Le dimanche 16 novembre 2014 à 14:43 +0100, William Bonnet a écrit :
> I would like to submit a patch to openssl in order to fix this issue. This
> patch is fixing a missing error code in the EVP_DecryptFinal_ex function
> which cause the failure of the NodeJS unit test.
> During the latest Debian Bug Squashing Party i was working on NodeJS
> packaging with Jean Baptiste Favre and trying to fix some issues. We noticed
> a unit test failure (on NodeJS side) because of an unexpected openssl return
> Unit test is simple/test-crypto-stream, and is based on aes-128-cbc
> encryption and decryption with two different keys. This test should fail
> with the error code :
> [TypeError: error:06065064:digital envelope
> routines:EVP_DecryptFinal_ex:bad decrypt]

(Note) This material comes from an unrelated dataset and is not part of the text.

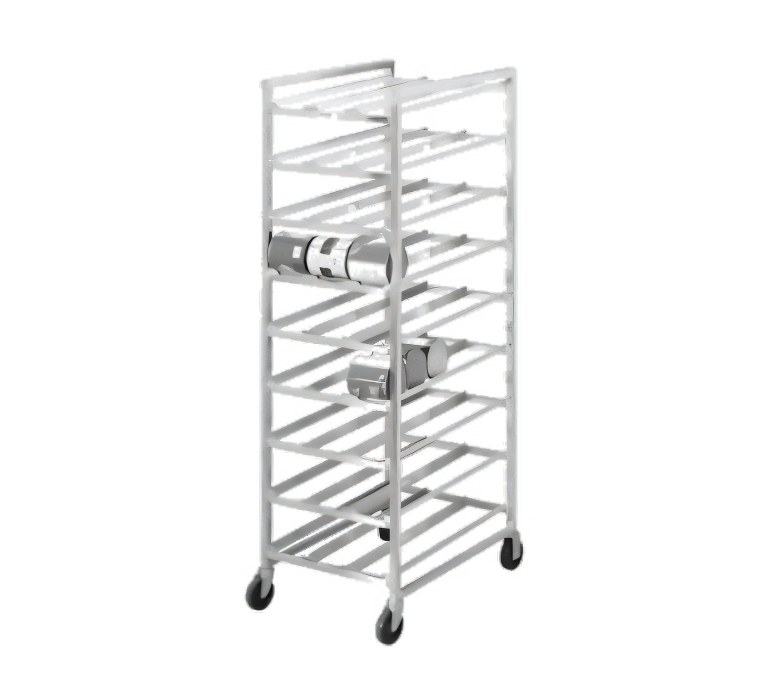 Can Rack, Full Size - Mobile, Standard Series, 25.5"W x 35"D x 82.25"H, Aluminum Construction, (162) #10 Cans or (216) #5 Cans, (2) 5" Swivel & (2) 5" Rigid Stem Casters model #'s CSS45R & CSR445R, Made in USA, NSF, 73lbs. (ITEM WEIGHT ONLY), weight does not include 50 lbs. for pallet weight
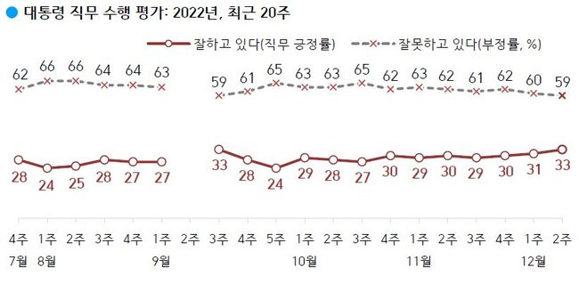 한국갤럽이 2022년 12월 둘째 주(6~8일) 전국 만 18세 이상 1,000명에게 윤석열 대통령이 현재 대통령으로서의 직무를 잘 수행하고 있다고 보는지 잘못 수행하고 있다고 보는지 물은 결과, 33%가 긍정 평가했고 59%는 부정 평가했으며 그 외는 의견을 유보했다(어느 쪽도 아님 3%, 모름/응답거절 5%).

> But the latest stable version of openssl returns
> [TypeError: error:00000000:lib(0):func(0):reason(0)]
> This seems to come from some modification made in the
> EVP_DecryptFinal_ex function in the last version bump. When returning
> the EVPerr is not called before returning zero, leading to an undefined error
> Here attached is a patch fixing this.
> I hope this will help, don't hesitate to ask me for more information.
> Please, as it is my first submission let me know if some is wrong in the way
> to do it
I'm pretty amazed the problem comes from openssl.
Did you check upstream openssl ? maybe it's a known bug,
so the "Origin" field could link to it, ideally.
If it is double-checked with upstream, then this bug report
should be reassigned to openssl package.